* **Work required**:
Aim for an exact copy of the listing, without any images.

━━ Data extracts

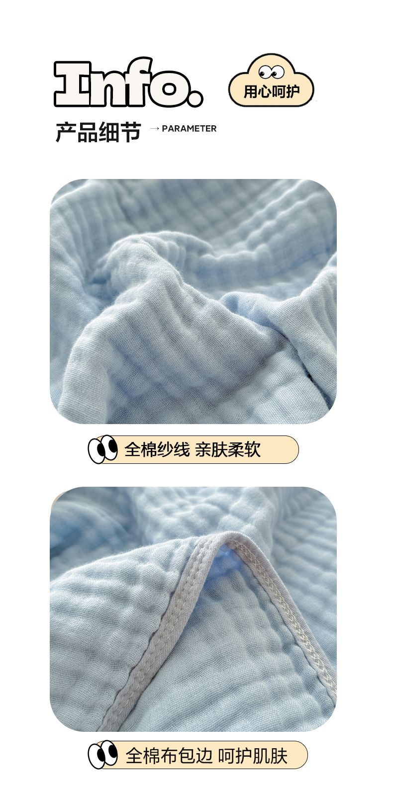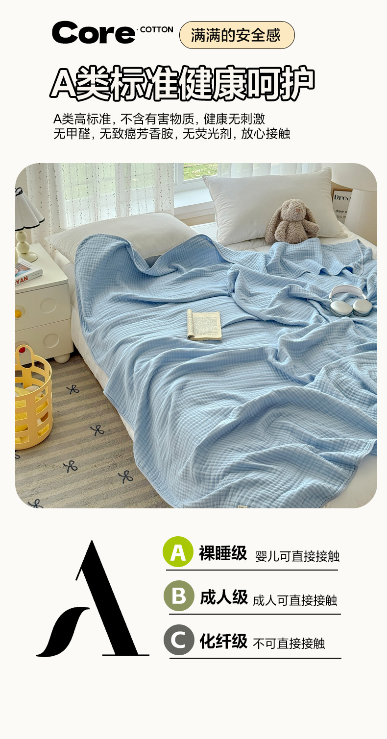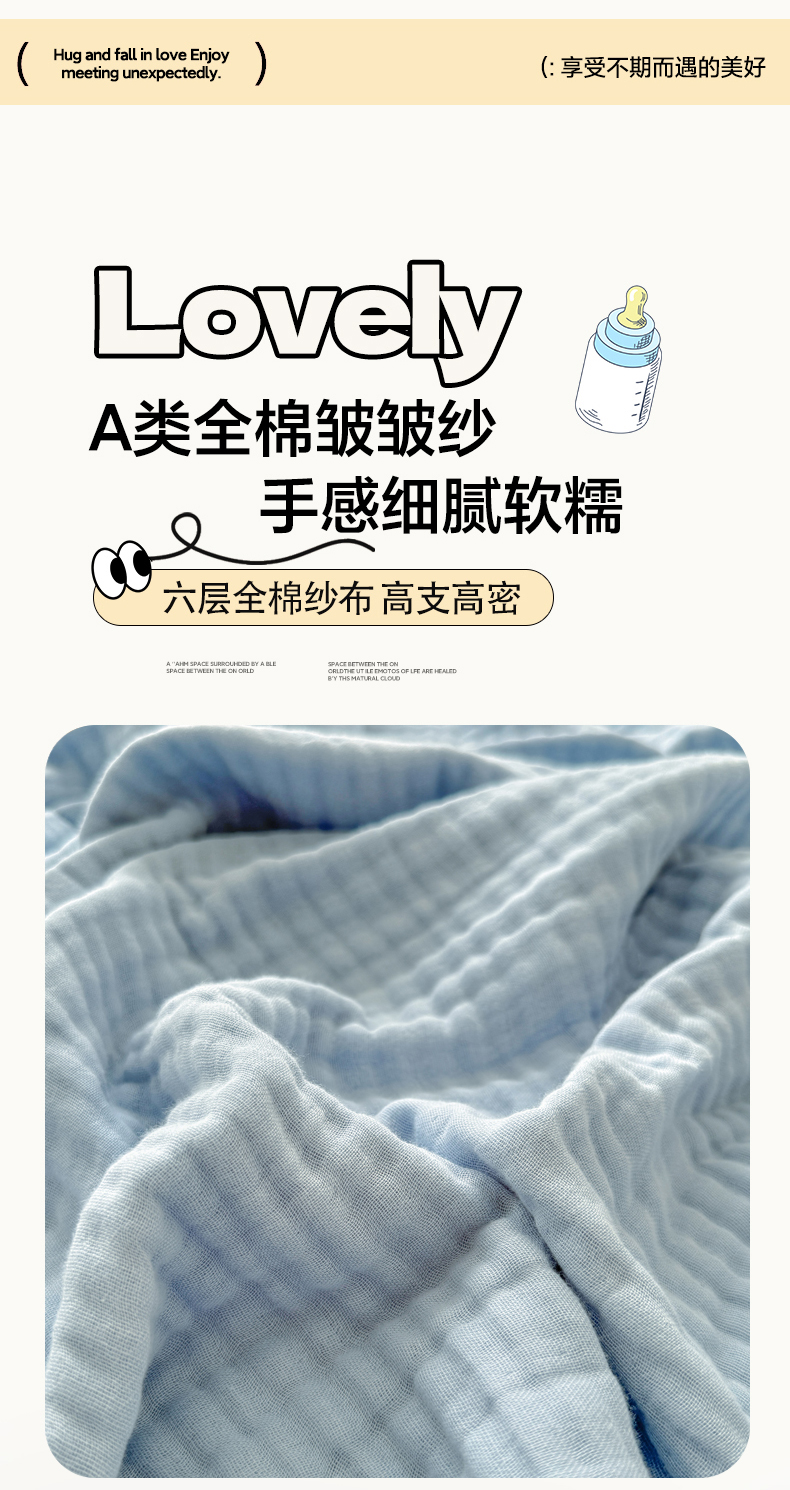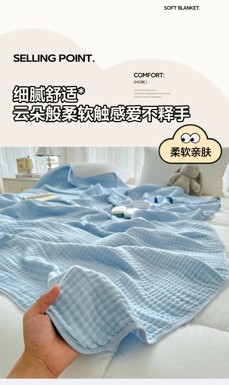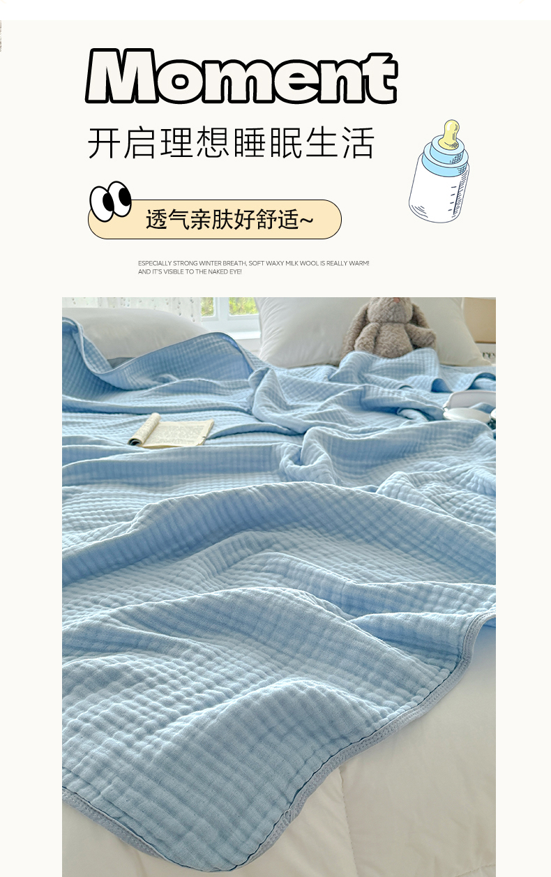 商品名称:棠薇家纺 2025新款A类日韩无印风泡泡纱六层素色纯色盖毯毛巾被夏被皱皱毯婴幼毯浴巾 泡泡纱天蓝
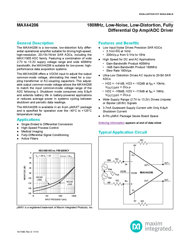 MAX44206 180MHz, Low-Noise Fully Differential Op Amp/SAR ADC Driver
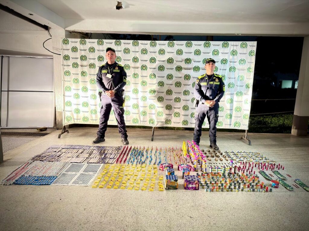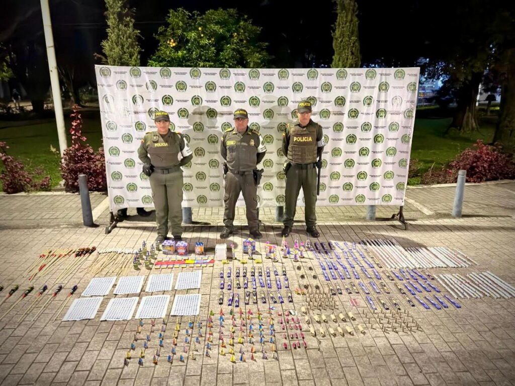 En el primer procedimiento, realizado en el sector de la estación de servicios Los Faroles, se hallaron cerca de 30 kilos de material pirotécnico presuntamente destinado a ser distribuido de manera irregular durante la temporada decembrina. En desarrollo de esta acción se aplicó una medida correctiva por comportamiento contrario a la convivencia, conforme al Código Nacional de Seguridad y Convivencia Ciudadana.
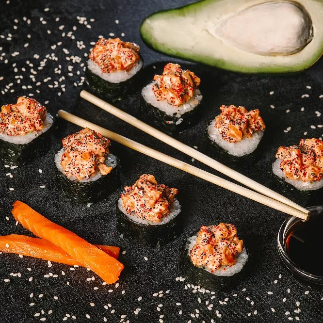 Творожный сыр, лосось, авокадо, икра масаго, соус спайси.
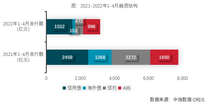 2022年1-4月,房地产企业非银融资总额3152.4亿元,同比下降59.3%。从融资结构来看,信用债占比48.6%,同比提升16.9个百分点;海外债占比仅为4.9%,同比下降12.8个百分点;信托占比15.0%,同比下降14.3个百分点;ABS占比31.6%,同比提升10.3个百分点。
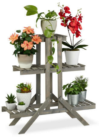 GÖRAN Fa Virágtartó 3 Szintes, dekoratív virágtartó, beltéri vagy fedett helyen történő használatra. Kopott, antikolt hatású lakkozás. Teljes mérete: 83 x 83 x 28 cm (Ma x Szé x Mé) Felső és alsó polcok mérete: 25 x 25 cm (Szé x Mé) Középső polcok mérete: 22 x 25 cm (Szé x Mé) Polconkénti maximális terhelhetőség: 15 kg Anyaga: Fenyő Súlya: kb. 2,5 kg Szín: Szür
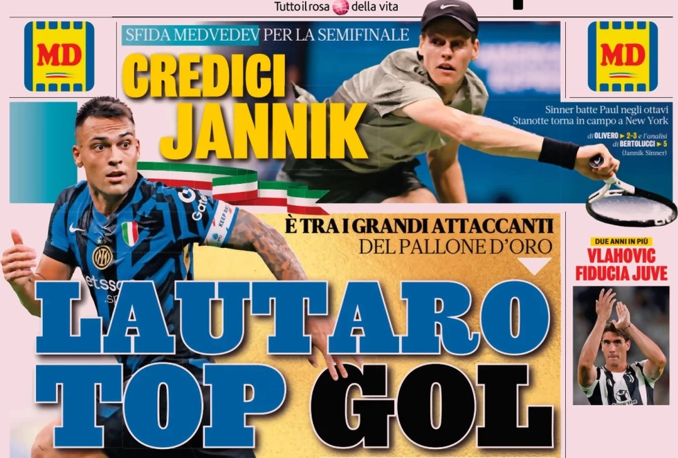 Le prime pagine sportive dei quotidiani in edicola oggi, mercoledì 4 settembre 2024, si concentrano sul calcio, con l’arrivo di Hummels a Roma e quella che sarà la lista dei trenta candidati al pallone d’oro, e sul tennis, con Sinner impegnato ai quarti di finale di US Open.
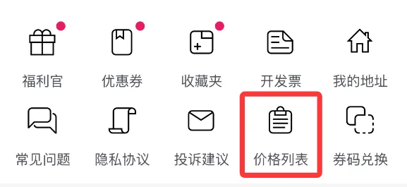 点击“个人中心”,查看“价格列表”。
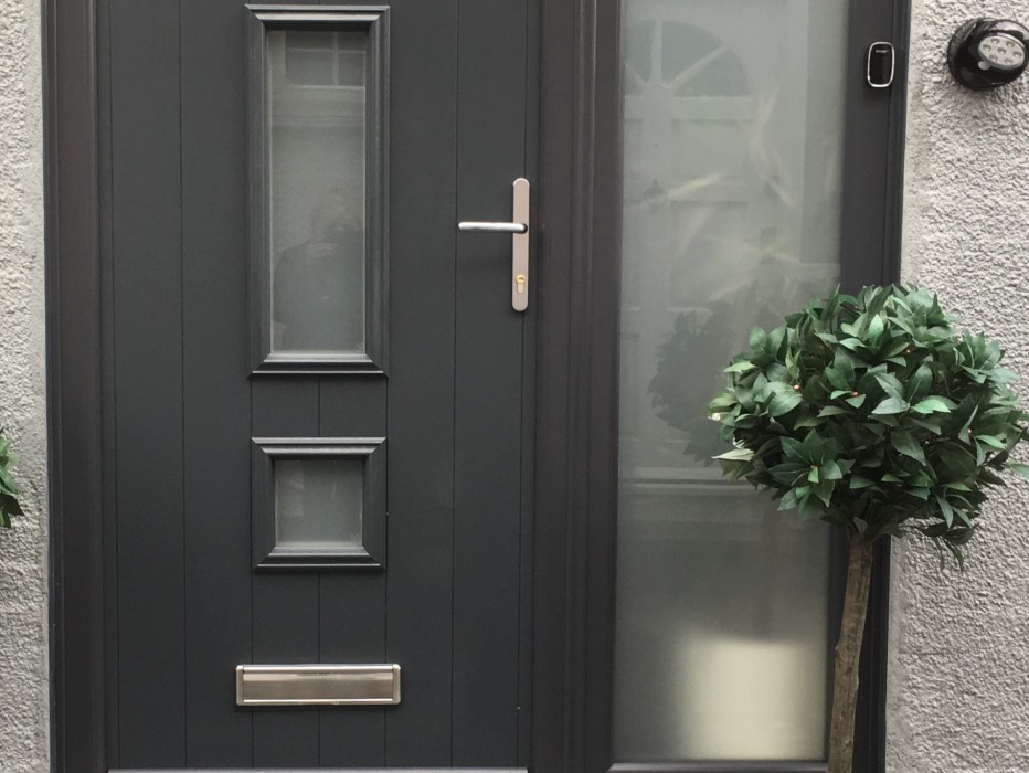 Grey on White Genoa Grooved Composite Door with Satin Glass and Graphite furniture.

━━━━

* **Task result**:
 商品名称:棠薇家纺 2025新款A类日韩无印风泡泡纱六层素色纯色盖毯毛巾被夏被皱皱毯婴幼毯浴巾 泡泡纱天蓝
 MAX44206 180MHz, Low-Noise Fully Differential Op Amp/SAR ADC Driver
 En el primer procedimiento, realizado en el sector de la estación de servicios Los Faroles, se hallaron cerca de 30 kilos de material pirotécnico presuntamente destinado a ser distribuido de manera irregular durante la temporada decembrina. En desarrollo de esta acción se aplicó una medida correctiva por comportamiento contrario a la convivencia, conforme al Código Nacional de Seguridad y Convivencia Ciudadana.
 Творожный сыр, лосось, авокадо, икра масаго, соус спайси.
 2022年1-4月,房地产企业非银融资总额3152.4亿元,同比下降59.3%。从融资结构来看,信用债占比48.6%,同比提升16.9个百分点;海外债占比仅为4.9%,同比下降12.8个百分点;信托占比15.0%,同比下降14.3个百分点;ABS占比31.6%,同比提升10.3个百分点。
 GÖRAN Fa Virágtartó 3 Szintes, dekoratív virágtartó, beltéri vagy fedett helyen történő használatra. Kopott, antikolt hatású lakkozás. Teljes mérete: 83 x 83 x 28 cm (Ma x Szé x Mé) Felső és alsó polcok mérete: 25 x 25 cm (Szé x Mé) Középső polcok mérete: 22 x 25 cm (Szé x Mé) Polconkénti maximális terhelhetőség: 15 kg Anyaga: Fenyő Súlya: kb. 2,5 kg Szín: Szür
 Le prime pagine sportive dei quotidiani in edicola oggi, mercoledì 4 settembre 2024, si concentrano sul calcio, con l’arrivo di Hummels a Roma e quella che sarà la lista dei trenta candidati al pallone d’oro, e sul tennis, con Sinner impegnato ai quarti di finale di US Open.
 点击“个人中心”,查看“价格列表”。
 Grey on White Genoa Grooved Composite Door with Satin Glass and Graphite furniture.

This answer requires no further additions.